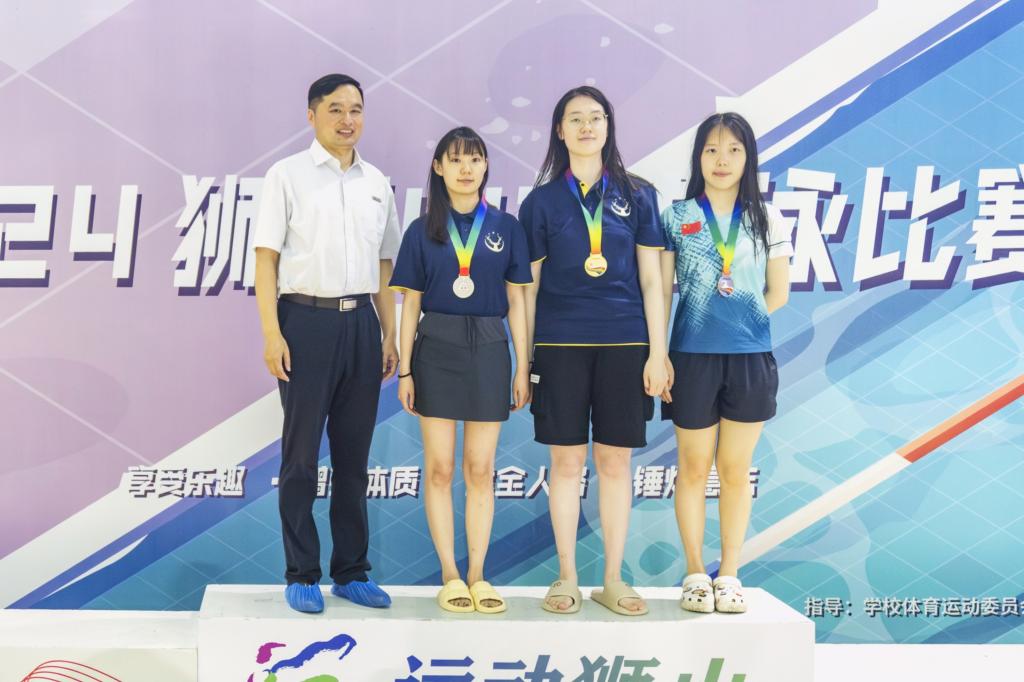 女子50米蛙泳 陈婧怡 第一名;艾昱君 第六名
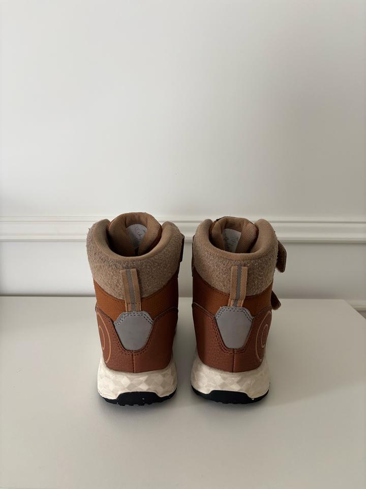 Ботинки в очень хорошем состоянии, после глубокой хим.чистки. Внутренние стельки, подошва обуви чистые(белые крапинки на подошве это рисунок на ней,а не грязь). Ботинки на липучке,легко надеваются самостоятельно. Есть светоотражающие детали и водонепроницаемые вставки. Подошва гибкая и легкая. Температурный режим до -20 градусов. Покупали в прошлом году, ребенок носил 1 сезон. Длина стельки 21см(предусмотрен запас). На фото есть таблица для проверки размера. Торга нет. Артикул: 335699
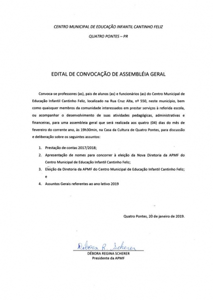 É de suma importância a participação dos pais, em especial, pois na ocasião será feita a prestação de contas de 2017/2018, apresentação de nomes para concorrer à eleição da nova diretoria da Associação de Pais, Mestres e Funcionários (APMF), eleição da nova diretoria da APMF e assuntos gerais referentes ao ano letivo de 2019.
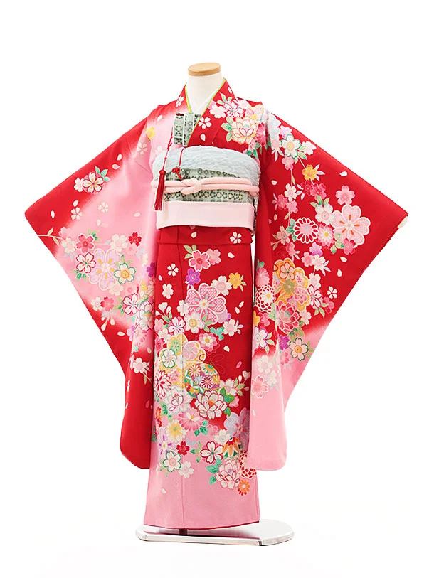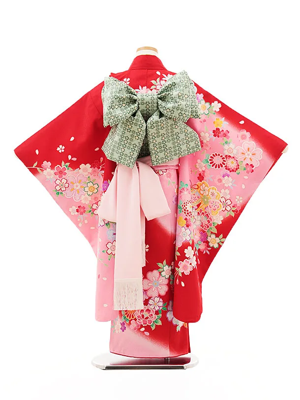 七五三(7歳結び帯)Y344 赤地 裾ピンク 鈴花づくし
* * *
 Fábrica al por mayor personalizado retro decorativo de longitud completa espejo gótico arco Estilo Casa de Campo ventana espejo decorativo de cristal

Required action:
For this exercise, transcribe exactly the part of the records above that opens with the line containing "Ботинки в очень" and closes with the one containing "七五三(7歳結び帯)Y344 赤地 裾ピンク 鈴花づくし". Pictures are not part of the copy.

Result:
 Ботинки в очень хорошем состоянии, после глубокой хим.чистки. Внутренние стельки, подошва обуви чистые(белые крапинки на подошве это рисунок на ней,а не грязь). Ботинки на липучке,легко надеваются самостоятельно. Есть светоотражающие детали и водонепроницаемые вставки. Подошва гибкая и легкая. Температурный режим до -20 градусов. Покупали в прошлом году, ребенок носил 1 сезон. Длина стельки 21см(предусмотрен запас). На фото есть таблица для проверки размера. Торга нет. Артикул: 335699
 É de suma importância a participação dos pais, em especial, pois na ocasião será feita a prestação de contas de 2017/2018, apresentação de nomes para concorrer à eleição da nova diretoria da Associação de Pais, Mestres e Funcionários (APMF), eleição da nova diretoria da APMF e assuntos gerais referentes ao ano letivo de 2019.
 七五三(7歳結び帯)Y344 赤地 裾ピンク 鈴花づくし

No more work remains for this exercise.